Over the 18km ride Denise says she planted 20,000 English lavender plants on her farm 12 years ago for "something different".
But over the last couple of years she has shrunk the "vista of lavender" in favour of rare breeds of farm animals.
"It's so important not to let these breeds of animals die out," she says.
She has white park cattle (the world's oldest breed of cow), endangered large black pigs, and silver grey dorking chickens.
As Lydia and I guessed, lavender - the colour, the scent, the flowers - dominate.
On the farm sits a lavender cafe, painted in purple, where Denise serves us fresh lavender scones with homemade strawberry jam and cream. We sip English breakfast tea and wipe the crumbs with purple napkins.
Denise dons her purple gumboots and takes us on a walk around the property to meet and greet the animals.
Still in our thongs, Lydia and I tip toe around the paddocks, trying not to look too prissy, but still avoid as much of the animal poop as we can.
The grass around the lama paddock gets a bit thicker and Denise issues a snake warning.
"I don't want to scare you," she says, while Lydia breaks into a sweat despite the cool breeze.
"We do have them here, if you see one just walk away."

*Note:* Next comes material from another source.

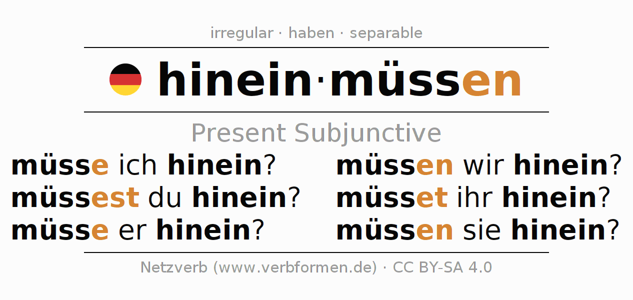 The conjugation of hineinmüssen in Subjunctive Present Form of possibility Active is müsse ich hinein?, müssest du hinein?, müsse er hinein?, müssen wir hinein?, müsset ihr hinein?, müssen sie hinein?.The conjugation corresponds to certain grammatical rules. Likewise the requirements for the conjugation of the simple verb forms of hineinmüssen in Present Subjunctive. Comments ☆

Easy. As long as a snake doesn't mistake our exposed toes for bite-sized treats.
Denise is proud of the local food and wine scene. She chaperones Lydia and me to a couple of local wineries and an olive grove where she picks up the homemade osso buco that we we'll eat for dinner.
We stay in the four-bedroom guest house, that has room to sleep eight. Just the two of us - in separate rooms.
We wonder what Denise makes of our romantic girls' weekend on the farm.
After a quiet night in soaking up classic 90s flicks on the TV and watching donkeys graze outside, Lydia and I wake up feeling fresh.
Denise takes us on a drive to check out the massive Chichester Dam, sitting at the top of the Williams River catchment.
The sun beating through the windscreen lulls Lydia and me to sleep - it seems the country air has unwound our highly strung selves. We board the train back to the city feeling all groggy.
But the country calm starts slipping as soon as we leave the dusty Dungog platform.
We will miss Denise and the farm at Dungog but every time we lather up with purple soap or open our sock drawer to a whiff of lavender potpourri we'll remember - recalling the country and how city we are.